Renate Welsh (née Redtenbacher) was born in Vienna in 1937 and grew up in Bad Aussee and Vienna. The early deaths of her mother and her beloved grandfather a few years later were major life-changing events. She spent the last years of the war with her stepmother's family in Bad Aussee, while her father, Norbert Redtenbacher, remained in Vienna as a doctor. After the war, she attended primary and secondary school in Vienna. In 1953/54, Welsh was an exchange student in Portland, Oregon, where she obtained a high school diploma, and in 1955 she graduated from high school in Vienna. From 1955 to 1957 she studied English, Spanish, and political science at the University of Vienna but did not graduate. She worked as a translator for the British Council in Vienna from 1957 to 1959 and as a freelance translator from 1962. Her translations into German include works by Judith Kerr and James A. Michener.

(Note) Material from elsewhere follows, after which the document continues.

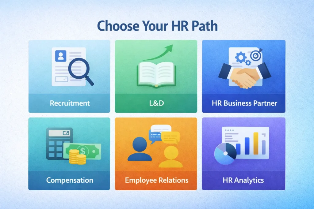 5) HR Analytics & Strategy – using data for workforce planning and business partnering. Additionally, emerging specializations include HRIS management, diversity & inclusion, and HR compliance.

After an accident with long-term consequences, Renate Welsh began writing children's stories and has worked as a freelance writer since 1975. She initially wrote children's and young people's books (including Das Vamperl 1979, Johanna 1979) and radio plays. In the 1990s she began to write for an adult audience with the novels Constanze Mozart – Eine unbedeutende Frau and Das Lufthaus. For the author herself, the distinction between children's and adult literature does not play a major role—in her texts she tries to give a voice to those who have none. Her social commitment is also evident in her extensive (literary) educational work in schools and in the numerous writing workshops she has organized over the years with people with disabilities, the homeless, and addicts, among others. In recent years, Renate Welsh has increasingly written autobiographical texts. In 2019 she published Kieselsteine. Geschichten einer Kindheit, a collection of short stories, and in 2022 Ich ohne Worte, an impressive account of her stroke and the associated loss and recovery of speech.

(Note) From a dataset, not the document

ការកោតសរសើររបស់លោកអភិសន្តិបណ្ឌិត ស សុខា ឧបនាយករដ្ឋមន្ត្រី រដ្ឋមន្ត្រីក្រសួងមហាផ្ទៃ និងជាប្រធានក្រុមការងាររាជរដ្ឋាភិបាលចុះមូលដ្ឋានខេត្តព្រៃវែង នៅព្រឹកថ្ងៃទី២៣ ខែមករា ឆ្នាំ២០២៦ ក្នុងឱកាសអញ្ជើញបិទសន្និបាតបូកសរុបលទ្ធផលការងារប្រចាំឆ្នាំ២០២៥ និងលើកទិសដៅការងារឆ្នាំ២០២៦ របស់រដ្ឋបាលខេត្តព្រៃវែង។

Renate Welsh has received numerous awards for her prolific work, including the Austrian State Prize for Children's and Youth Literature, the German Youth Literature Prize, the City of Vienna Prize for Literature, and the Theodor-Kramer Prize. Since 2006 she has been president of IG Autorinnen Autoren. Renate Welsh lives in Vienna and Hilzmannsdorf (Lower Austria).